Wallace Carothers
E.I. DuPont de Nemours & Company once called Wallace Hume Carothers "one of the most brilliant organic chemists" the company had ever employed. In the nine years he spent working there, Carothers (1896-1937) made contributions to the theory of organic chemistry that led to the invention of polymeric materials, such as the synthetic materials nylon and neoprene, the first commercially successful synthetic rubber.
Carothers was born April 27, 1896 in Berlington, Iowa as the son of a schoolteacher. After receiving a BS from Tarkio College, Carothers obtained his master's and doctoral degrees from University of Illinois.
After his graduation, Carothers became an instructor at Harvard University, where he started experimenting with chemical structures of polymers with high molecular weight. In 1928, DuPont lured him away from Harvard to work in a new research lab in Wilmington, Del. for developing artificial materials. There, he investigated the structure of substances of high molecular weight and their formation by polymerization.

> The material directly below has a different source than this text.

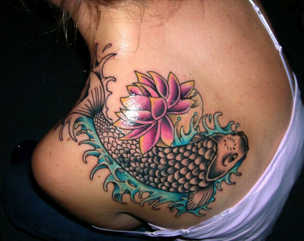 后背的锦鲤荷花纹身
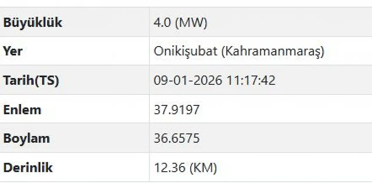 Kahramanmaraş'ın Onikişubat ilçesinde saat 11.17'de 4 büyüklüğünde deprem meydana geldi.

In 1931, due to political and trade troubles with Japan, the United States' main source of silk, that fiber was getting harder and more expensive to come by. DuPont wanted to develop a synthetic fiber that could replace it. In 1934, Carothers and his team set out to produce a strong, elastic fiber that would not melt below 195°C. Carothers formulated a new strategy for synthesizing giant molecules, and that year, Carothers and his team pulled the first long, strong, flexible strands of a synthetic polymer fiber out of a test tube. They realized immediately that this artificial fiber had properties similar and in many ways superior to such natural fibers as wool, cotton, and silk.

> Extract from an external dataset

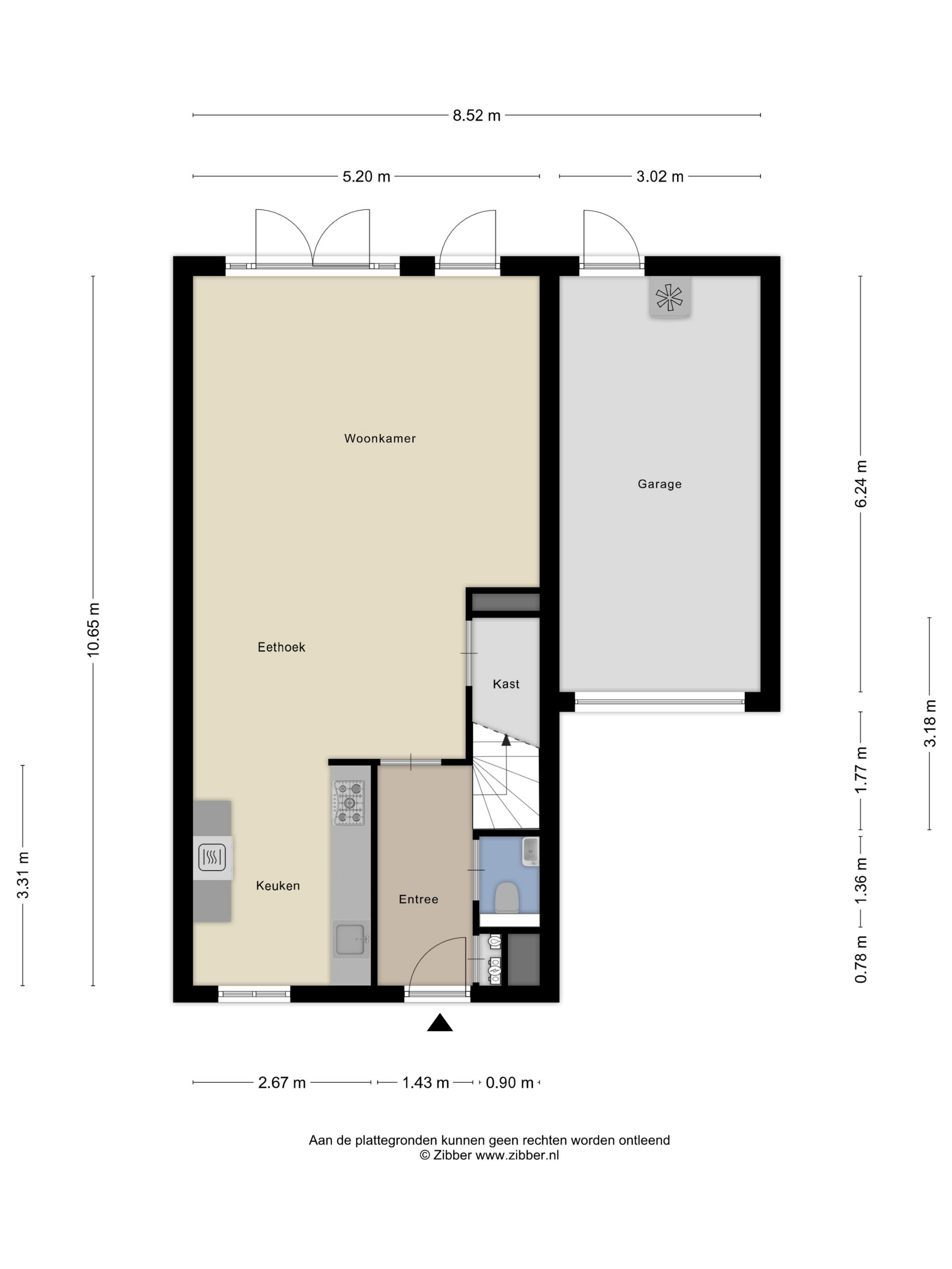 Binnen in de hal bevinden zich de meterkast, toilet, trap naar de eerste verdieping en toegang tot het woongedeelte.

The new super-polymer reached the market in 1937 in the form of toothbrush bristles advertised as superior to anything plucked from the hide of an animal. In 1938, DuPont went public, announcing the invention of nylon, "the first man-made organic textile fabric prepared entirely from new materials from the mineral kingdom." Nylon stockings, modeled by women at the New York World's Fair in 1939 and put on sale in 1940, were a huge hit.

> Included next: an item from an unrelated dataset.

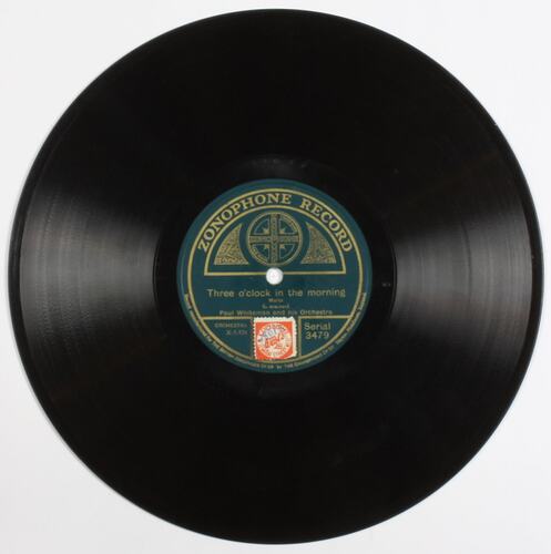 Disc recording (10 in), doubled sided, Zonophone, "Three o'clock in the morning" and "Learn to Smile", Paul Whiteman and his Orchestra, Cat. No. 3479

Meanwhile, frustrated at times with the flaws of his "silk" superpolymer research, Carothers set aside the project to investigate another interest of his – cyclic compounds. One of them, he noticed, gave off an intriguing aroma. Marketed as Astrotone, it became the first synthetic musk. The Carothers group also continued to work on another creation, a polymer that became neoprene, or synthetic rubber.
In the course of his research, Carothers published 31 papers, establishing general theories about polymers and regularizing the terminology of the field. He had brought the world not just nylon, but also knowledge of natural polymers and how they are formed. In 1935, Carothers was the first organic chemist elected to the National Academy of Sciences.
In 1936, Carothers married Helen Sweetman, a colleague of his at DuPont. A year later, he tragically committed suicide after a lifelong bout with depression. However, Carothers' legacy lives on. Nylon is used all over the world today in a variety of applications including apparel, carpeting, home furnishings, and industrial products. Its invention marked the beginning of a new era of synthetic fibers, which continues to expand.